We read a highly criticized article on The Sydney Morning Herald where they state how “the fastest growing sport” of mixed martial arts was not impressive as they thought it would be.

Here’s the article:

‘Smell the blood!’ The sickening roar for gore:

AFTERNOON at the Acer Arena. The shaft of light from the heavens cleaves the darkness and reveals the sole focus of everyone’s rapt attention. In an octagonal, caged enclosure, two men are hitting each other in the face, kicking each other in the head and furiously kneeing each other in the stomach.

Every blow, and its gory results, is blown up large on six enormous screens around the stadium as the sold-out 17,000-strong crowd, which includes James Packer sitting in a front-row seat, roars for more gore.

And more gore they get.
Now, one fighter, Stephan “the American Psycho” Bonnar, has started to bleed badly from a cut beneath his right eye, delighting his opponent’s trainer.

“Smell the blood, baby!” he screams at his man, Krzysztof “the Polish Experiment” Soszynski. “Smell the blood!”

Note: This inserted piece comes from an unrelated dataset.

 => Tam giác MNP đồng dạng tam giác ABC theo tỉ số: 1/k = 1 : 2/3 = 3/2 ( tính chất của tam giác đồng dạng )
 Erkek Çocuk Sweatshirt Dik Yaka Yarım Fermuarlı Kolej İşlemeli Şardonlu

Within seconds Soszynski doesn’t have to sniff too hard because, after a clash of heads, the blood from a new gash high on Bonnar’s forehead is so deep that his red essence is gushing out of him and soon both fighters are covered in it from top to toe. This appears to interest the referee mildly, but no more than that. Still they go at it, and when Bonnar briefly goes down, the ref has to jump out of the way so that Soszynski can properly get at him, and bash him some more.

Welcome to something called the Ultimate Fighting Championship which, as well as claiming to be the world’s fastest-growing sport, made its debut in Australia yesterday on a schedule suited to the American pay-per-view prime-time Saturday night audience.

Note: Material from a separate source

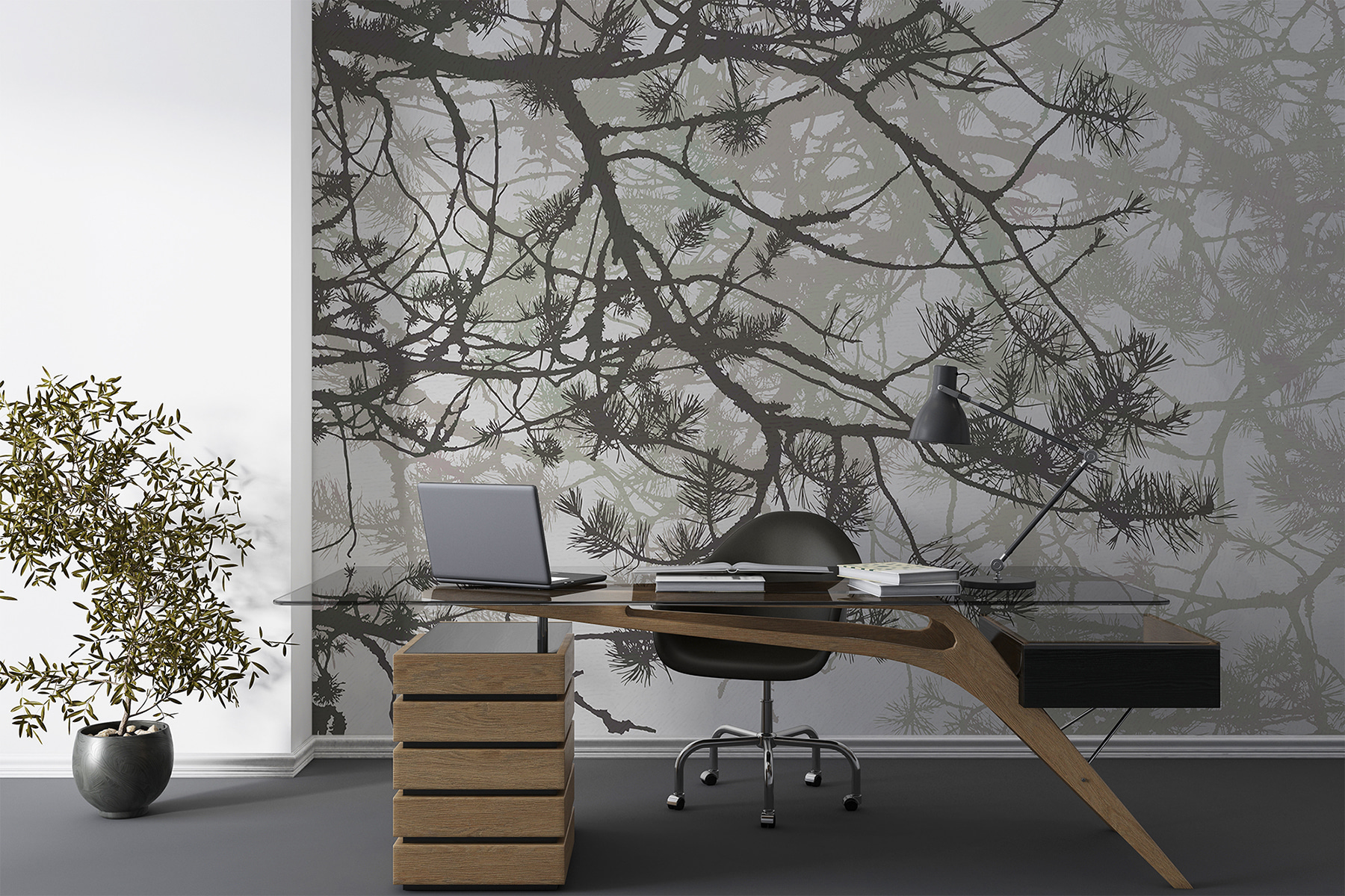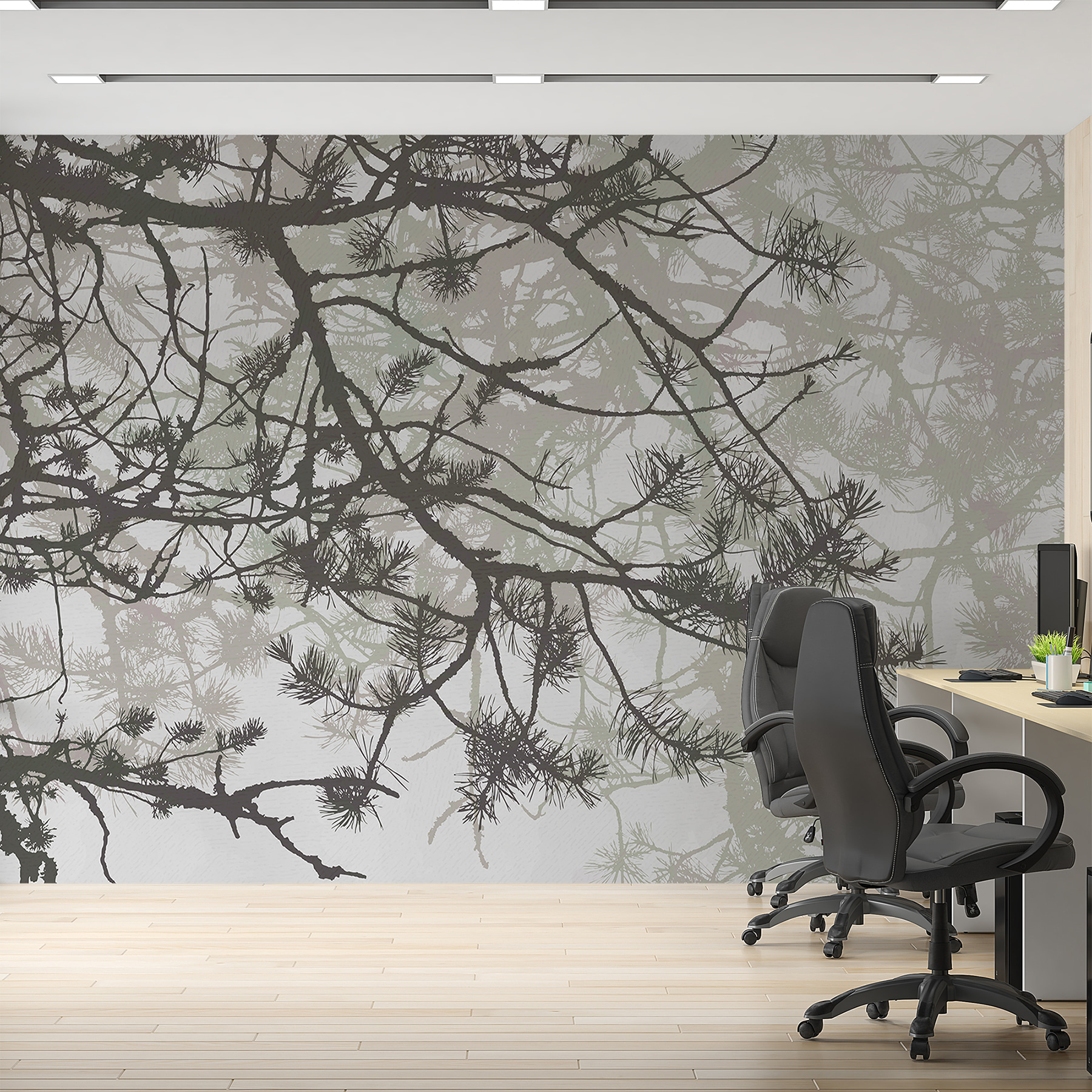 Transformați-vă spațiul într-un refugiu senin în pădure cu această pictură murală încântătoare cu ramuri de copac împodobite cu ace delicate. Imaginați-vă că pășiți într-o cabană confortabilă în fiecare zi, chiar dacă vă aflați doar în camera de zi. Jocul blând de umbre și lumină oferă o atmosferă liniștitoare, perfectă pentru relaxare sau pentru a visa cu ochii deschiși la următoarea drumeție. Este aproape ca și cum ai aduce exteriorul înăuntru, fără insecte! În plus, este o modalitate excelentă de a stârni conversații despre natură, copaci și poate chiar despre acea excursie cu cortul care a mers prost. Îmbrățișați senzația de aer liber și lăsați peretele dvs. să spună o poveste.
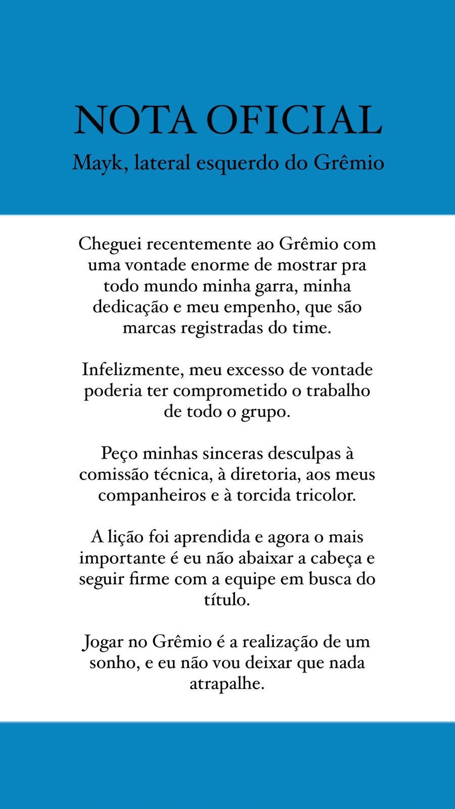 Após sair cabisbaixo e em silêncio da Arena do Grêmio, Mayk se manifestou por meio de nota oficial nesta quarta-feira (27). Ele reconheceu o erro, que atribuiu ao “excesso de vontade”, e pediu desculpa por saber que a expulsão poderia ter comprometido a passagem do Grêmio à decisão do estadual.

A cross between Fight Club, rock’n’roll, a vicious bar-room brawl and the fall of Saigon, the idea is that this is “multi-discipline fighting” – across three five-minute rounds – incorporating everything from boxing to wrestling, kick-boxing to karate, judo to jujitsu to just about anything else you can think of, including choke holds, and …

But now the blood pouring out of Bonnar’s head is so copious the ring floor is slippery and even the referee thinks it’s time to call the doctor. This worthy man checks Bonnar and ruefully shakes his head. The fight must be stopped.

BOO! BOOOO! BOOOOOO! Though we in the crowd feel badly let down and roar our extreme displeasure, the fact is there really are some rules – even if they owe less to the Marquis of Queensberry and more to the Marquis de Sade. It’s not quite “anything goes”. To be sure, the organisers of this $US250 million ($278 million) a year business are proud of the fact that the championship has cleaned itself up from its really wild days in Las Vegas in the early 1990s and has gone as far as to ban biting, eye-gouging and attacks to an opponent’s groin. The fighters even have to wear light gloves, so they’re not quite bare-knuckled.

And so the afternoon goes on, with nine vicious bouts and much blood spilt. About 30 police watch as the fighters continue to bash each other to a pulp. If it were to happen 100 metres away, on the street, those same police would have to arrest them for grievous bodily harm – though they’d take the precaution of calling for back-up first.

This is as far from professional wrestling’s tightly choreographed theatrical fighting. These are deadly serious contests fought by highly skilled men. It’s not everyone’s cup of tea – and it will be the last bout I’ll attend – but it looks like we might have moved into an age when tens of thousands of people no longer want cups of tea. They want buckets of blood.